Data entries
--- START ---

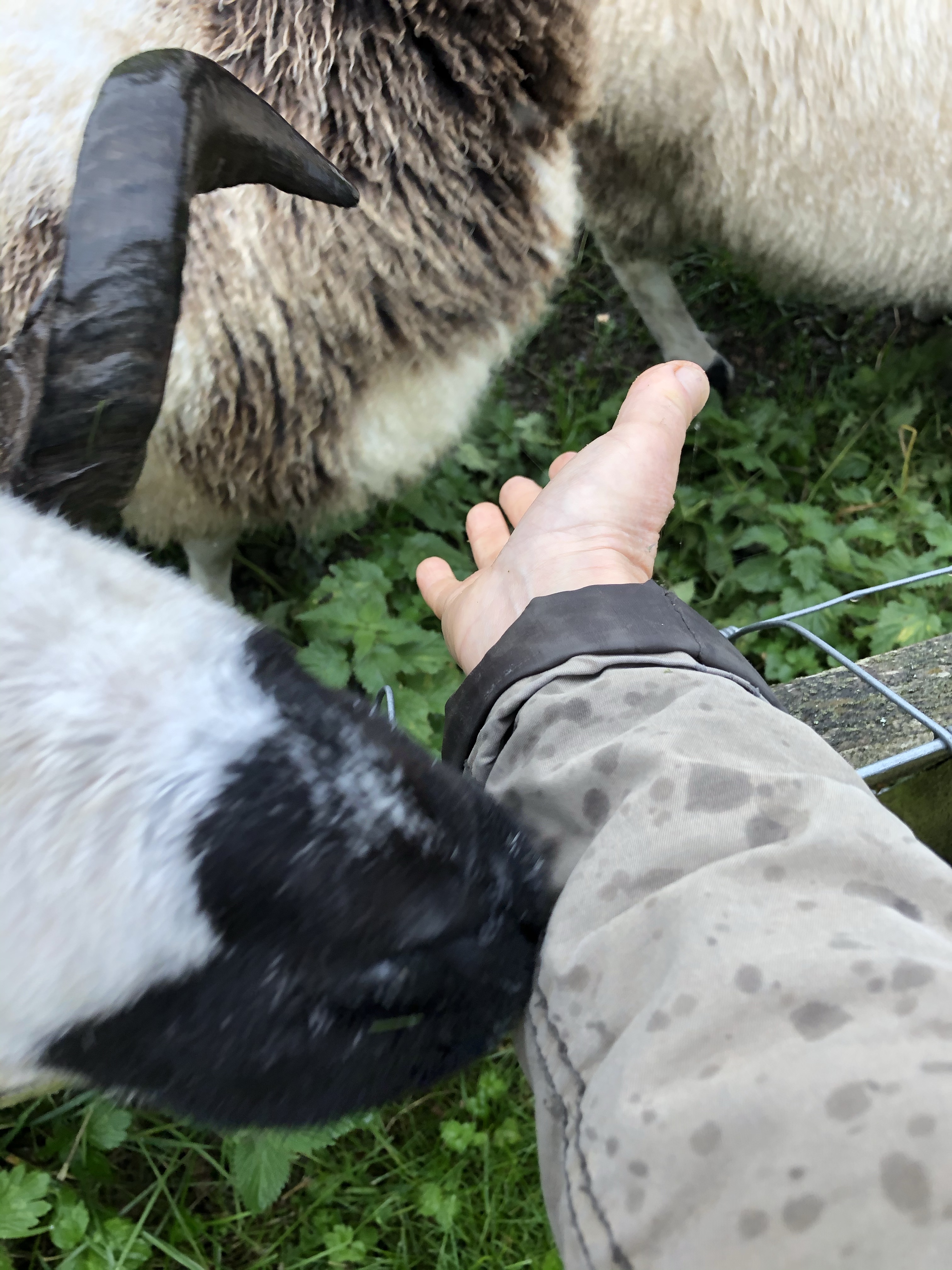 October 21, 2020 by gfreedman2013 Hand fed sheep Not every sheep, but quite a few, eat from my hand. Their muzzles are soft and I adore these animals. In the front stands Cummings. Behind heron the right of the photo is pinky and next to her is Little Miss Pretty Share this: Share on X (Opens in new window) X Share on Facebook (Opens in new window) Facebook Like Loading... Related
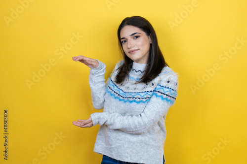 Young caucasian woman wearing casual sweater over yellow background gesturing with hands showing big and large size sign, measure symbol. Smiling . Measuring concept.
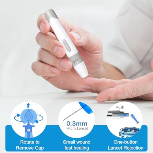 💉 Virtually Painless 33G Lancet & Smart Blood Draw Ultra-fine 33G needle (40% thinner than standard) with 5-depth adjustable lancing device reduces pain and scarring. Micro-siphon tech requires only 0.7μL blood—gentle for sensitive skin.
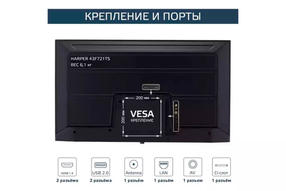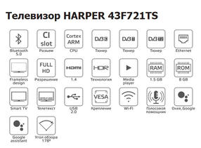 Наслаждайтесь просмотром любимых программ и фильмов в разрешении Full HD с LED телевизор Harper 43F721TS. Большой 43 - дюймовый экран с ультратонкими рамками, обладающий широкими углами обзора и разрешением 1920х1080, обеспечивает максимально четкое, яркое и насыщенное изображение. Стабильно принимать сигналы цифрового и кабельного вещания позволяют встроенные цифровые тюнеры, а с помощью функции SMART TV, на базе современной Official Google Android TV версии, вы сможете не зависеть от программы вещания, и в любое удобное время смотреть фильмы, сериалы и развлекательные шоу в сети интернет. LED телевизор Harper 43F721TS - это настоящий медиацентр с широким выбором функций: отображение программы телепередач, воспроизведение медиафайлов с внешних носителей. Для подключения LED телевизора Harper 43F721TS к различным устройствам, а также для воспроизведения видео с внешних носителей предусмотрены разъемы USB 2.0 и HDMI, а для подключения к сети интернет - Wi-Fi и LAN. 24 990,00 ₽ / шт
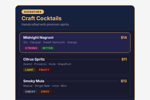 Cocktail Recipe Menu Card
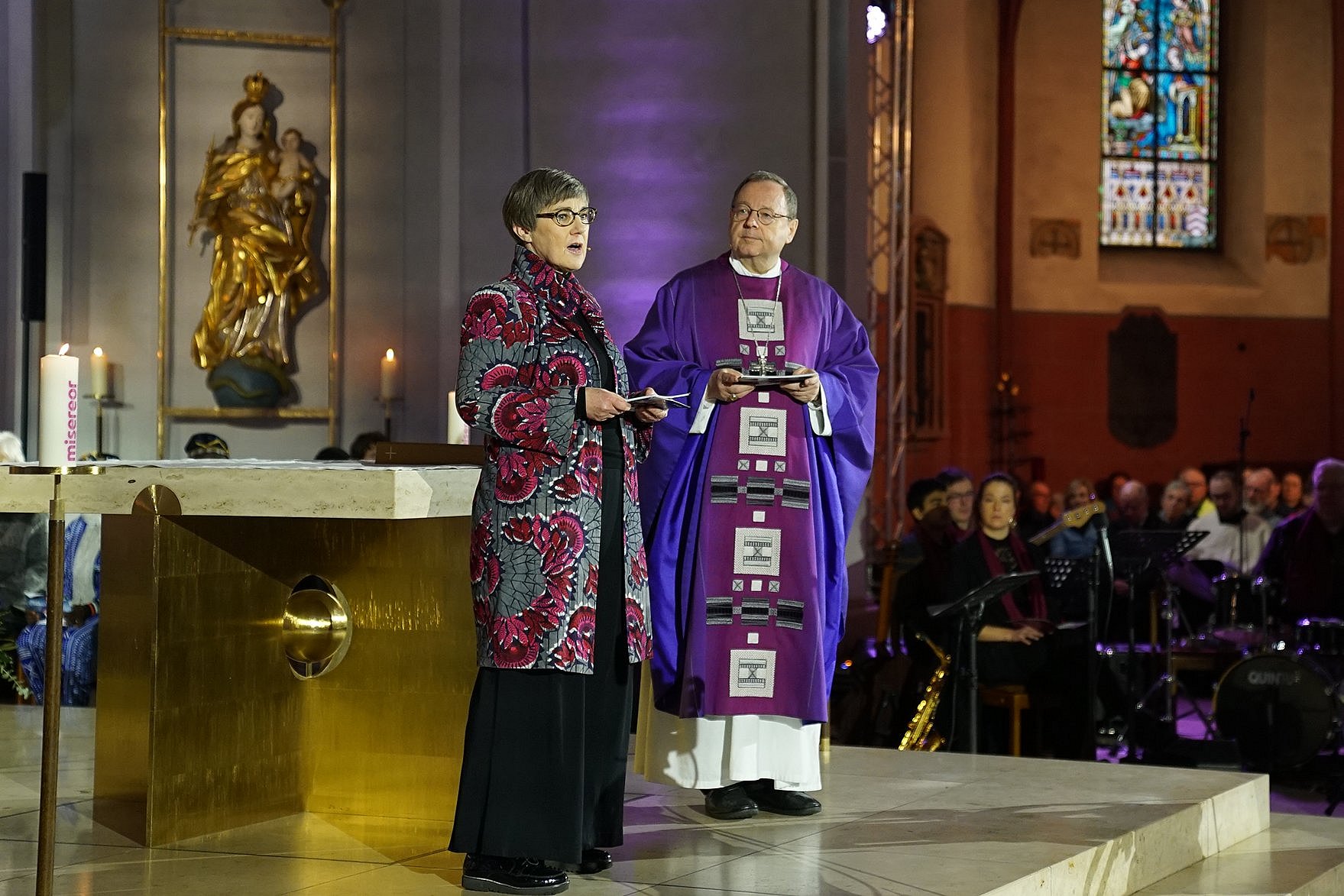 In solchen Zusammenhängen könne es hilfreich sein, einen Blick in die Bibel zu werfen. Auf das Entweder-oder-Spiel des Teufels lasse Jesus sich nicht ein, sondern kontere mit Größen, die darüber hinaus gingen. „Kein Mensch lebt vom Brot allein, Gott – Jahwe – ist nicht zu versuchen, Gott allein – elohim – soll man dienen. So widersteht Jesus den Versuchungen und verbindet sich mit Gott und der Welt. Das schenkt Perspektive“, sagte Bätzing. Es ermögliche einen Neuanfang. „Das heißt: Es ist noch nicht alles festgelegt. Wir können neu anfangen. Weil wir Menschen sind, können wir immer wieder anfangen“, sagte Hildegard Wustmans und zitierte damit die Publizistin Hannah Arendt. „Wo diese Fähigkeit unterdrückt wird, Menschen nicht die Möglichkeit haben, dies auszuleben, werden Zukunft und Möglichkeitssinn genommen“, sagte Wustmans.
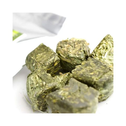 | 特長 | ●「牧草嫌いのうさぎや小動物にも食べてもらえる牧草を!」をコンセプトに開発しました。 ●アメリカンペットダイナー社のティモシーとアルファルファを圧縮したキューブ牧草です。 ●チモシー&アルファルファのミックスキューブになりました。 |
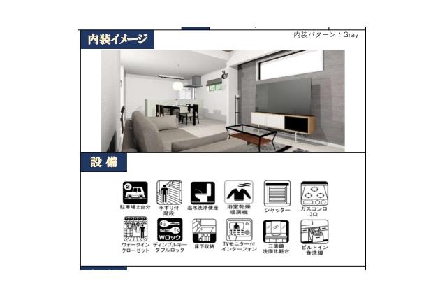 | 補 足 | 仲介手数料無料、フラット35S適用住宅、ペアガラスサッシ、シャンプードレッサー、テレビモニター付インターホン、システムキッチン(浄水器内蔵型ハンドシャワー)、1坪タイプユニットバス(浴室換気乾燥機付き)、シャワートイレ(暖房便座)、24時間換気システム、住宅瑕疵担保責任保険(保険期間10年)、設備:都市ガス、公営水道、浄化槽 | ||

--- END ---

Task goal: Take only the lines above from the one that has "for sensitive skin." through the one that has "Cocktail Recipe Menu Card" and reproduce them exactly, omitting any pictures.

Task response:
 💉 Virtually Painless 33G Lancet & Smart Blood Draw Ultra-fine 33G needle (40% thinner than standard) with 5-depth adjustable lancing device reduces pain and scarring. Micro-siphon tech requires only 0.7μL blood—gentle for sensitive skin.
 Наслаждайтесь просмотром любимых программ и фильмов в разрешении Full HD с LED телевизор Harper 43F721TS. Большой 43 - дюймовый экран с ультратонкими рамками, обладающий широкими углами обзора и разрешением 1920х1080, обеспечивает максимально четкое, яркое и насыщенное изображение. Стабильно принимать сигналы цифрового и кабельного вещания позволяют встроенные цифровые тюнеры, а с помощью функции SMART TV, на базе современной Official Google Android TV версии, вы сможете не зависеть от программы вещания, и в любое удобное время смотреть фильмы, сериалы и развлекательные шоу в сети интернет. LED телевизор Harper 43F721TS - это настоящий медиацентр с широким выбором функций: отображение программы телепередач, воспроизведение медиафайлов с внешних носителей. Для подключения LED телевизора Harper 43F721TS к различным устройствам, а также для воспроизведения видео с внешних носителей предусмотрены разъемы USB 2.0 и HDMI, а для подключения к сети интернет - Wi-Fi и LAN. 24 990,00 ₽ / шт
 Cocktail Recipe Menu Card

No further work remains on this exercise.